■ YOUR ASSIGNMENT
Once the line containing "UNGEZWUNGENE VINTAGE HOCHZEIT" is found in the data below, repeat it and every later line exactly, leaving the pictures out.

■ INFORMATION SHOWN
Segment Open
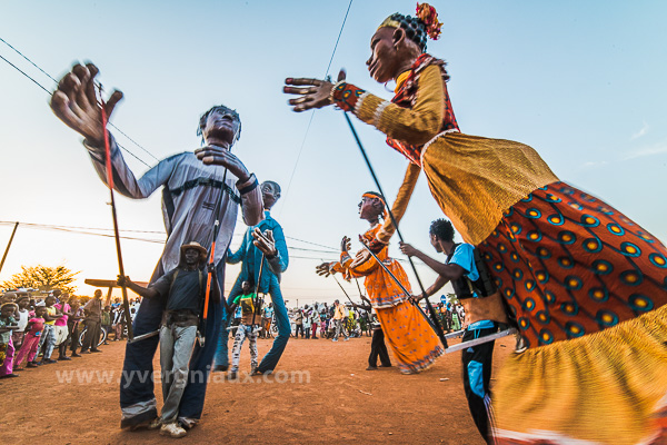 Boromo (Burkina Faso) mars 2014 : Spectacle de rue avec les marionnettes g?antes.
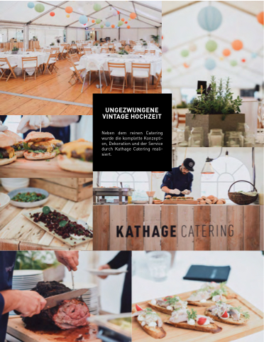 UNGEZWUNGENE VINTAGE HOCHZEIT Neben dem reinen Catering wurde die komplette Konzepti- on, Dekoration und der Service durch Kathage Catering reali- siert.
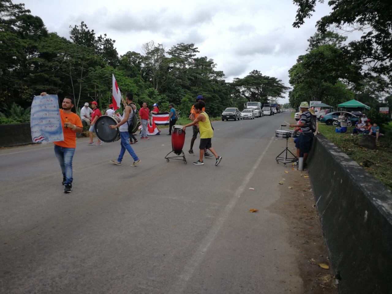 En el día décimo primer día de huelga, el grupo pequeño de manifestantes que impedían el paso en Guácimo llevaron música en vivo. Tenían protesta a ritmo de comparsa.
Segment Closed
■ EXERCISE RESPONSE
 UNGEZWUNGENE VINTAGE HOCHZEIT Neben dem reinen Catering wurde die komplette Konzepti- on, Dekoration und der Service durch Kathage Catering reali- siert.
 En el día décimo primer día de huelga, el grupo pequeño de manifestantes que impedían el paso en Guácimo llevaron música en vivo. Tenían protesta a ritmo de comparsa.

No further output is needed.